Sezioni
12/06/2026 ore 15.09
Economia e Lavoro

Calabria regina delle api: terza in Italia per alveari e oltre 2.300 tonnellate di miele l’anno

La regione consolida il suo ruolo tra i leader nazionali dell’apicoltura con 2.184 aziende, 159 mila alveari censiti e una produzione che vale l’8,4% del totale italiano

di Redazione

La Calabria si conferma una delle principali potenze apistiche del Paese. Con 2.184 aziende registrate, circa 159.067 alveari censiti e una produzione annua di oltre 2.300 tonnellate di miele, la regione rafforza il proprio ruolo strategico all'interno del comparto nazionale, rappresentando l'8,4% della produzione italiana.

I dati sono stati presentati nel corso di un incontro alla Cittadella regionale alla presenza dell'assessore all'Agricoltura Gianluca Gallo, del direttore generale del Dipartimento Agricoltura Giuseppe Iiritano e del dirigente del settore Ambiente e Zootecnia del Servizio fitosanitario regionale Giovanni Pondullo.

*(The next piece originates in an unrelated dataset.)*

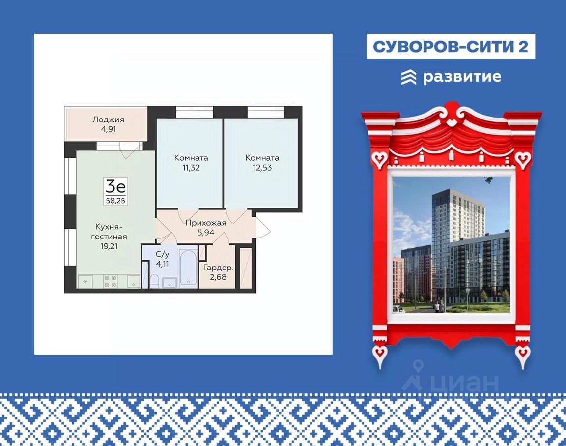 Продается 3-комнатная квартира 58,25 кв.м. на 6 этаже. Жилой комплекс "Суворов Сити II" — продолжение современного масштабного проекта "Суворов Сити", находящегося в спальном районе в четырех километрах от центра города. Проект сочетает удачное расположение с удобными планировками, актуальным дизайном и приватным двором.

I numeri certificano una crescita costante. La Calabria occupa il terzo posto in Italia per numero di alveari censiti nella Banca dati nazionale apistica, il secondo posto per numero di alveari commerciali e il quarto posto per produzione complessiva di miele. Sul territorio regionale sono presenti circa 7.108 apiari distribuiti in maniera capillare tra le aree montane della Sila, le zone interne e le fasce costiere.

Tra le produzioni più rappresentative figurano i mieli di sulla, agrumi, castagno, millefiori, eucalipto e melata, espressione diretta della ricca biodiversità calabrese.

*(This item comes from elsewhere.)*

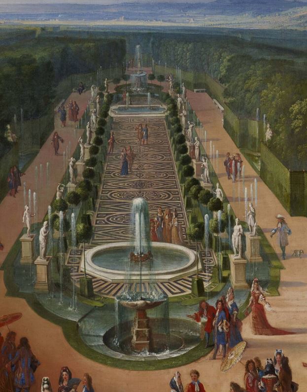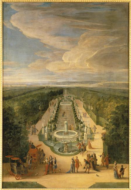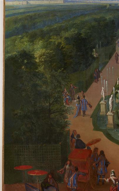 vue d'architecture (parc : Versailles, décor de jardin, bassin d'eau, fontaine, statue, oranger, noblesse, esclave, esclavage) ; ombrelle ; voiture à bras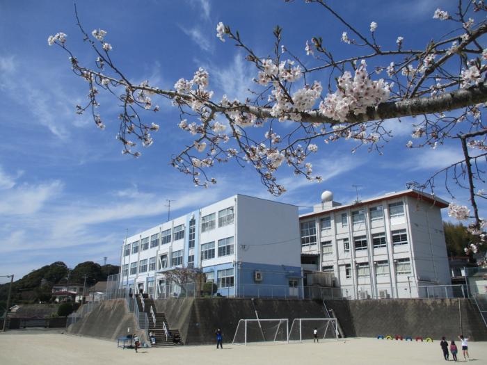 桜と校舎と先生がみんなを待ってるよ 春休み中も、船越小学校の運動場には遊びに来た子どもたちの笑顔と歓声が響いています。

Particolarmente significativo è il livello di professionalizzazione raggiunto dal settore. Pur rappresentando appena l'1% degli apicoltori italiani, la Calabria destina alla commercializzazione il 95% della propria produzione, una quota nettamente superiore alla media nazionale, ferma all'82%. Anche la dimensione media delle aziende evidenzia una maggiore strutturazione: ogni impresa possiede mediamente 230 alveari, contro i 90 della media italiana.

«Negli ultimi anni abbiamo assistito a una forte evoluzione del sistema mellifero calabrese» ha dichiarato l'assessore Gianluca Gallo. «Sono aumentate le produzioni, il numero degli alveari e la capacità dei produttori di valorizzare il miele attraverso l'invasettamento e la commercializzazione diretta. Abbiamo dotato il settore di una legge quadro e investiamo circa 3 milioni di euro all'anno per sostenere una filiera che rappresenta una delle migliori espressioni della biodiversità calabrese».

Importanti risultati arrivano anche sul fronte degli investimenti. Il nuovo intervento Sra18 del Complemento di sviluppo rurale 2023-2027 ha registrato 393 domande di sostegno, quasi il doppio rispetto alle 214 della precedente programmazione. Sono stati finanziati 336 beneficiari, pari all'85,5% delle richieste presentate, per una spesa di circa 1,48 milioni di euro.

Gli alveari coinvolti dagli interventi di sostegno sono saliti a circa 93 mila, facendo registrare un incremento del 34,7% rispetto ai 60.734 della precedente programmazione.

«La Regione Calabria investe complessivamente circa 3 milioni di euro l'anno nel comparto tra fondi ministeriali e programmazione comunitaria» ha spiegato Giovanni Pondullo. «Oggi contiamo circa 750 aziende che producono reddito e un sistema sempre più orientato alla qualità e alla commercializzazione».

La dotazione finanziaria destinata all'apicoltura è stata incrementata fino a circa 7,5 milioni di euro. Nel solo 2025 il programma dedicato al miglioramento, alla valorizzazione e alla commercializzazione dei prodotti dell'apicoltura ha consentito di liquidare oltre 1,43 milioni di euro, pari al 99% delle risorse disponibili.

Un altro elemento di forza è rappresentato dalla crescente organizzazione del comparto. La collaborazione tra le associazioni di categoria e il riconoscimento dell'Organizzazione dei produttori Apica stanno contribuendo a rendere più competitiva l'intera filiera.

Oggi oltre il 90% del miele prodotto in Calabria raggiunge i mercati del Nord Italia, mentre aumenta la partecipazione delle aziende regionali alle principali fiere nazionali e internazionali. L'obiettivo è consolidare la presenza sui mercati esteri e trasformare il miele calabrese in uno degli ambasciatori più autorevoli dell'agroalimentare regionale nel mondo.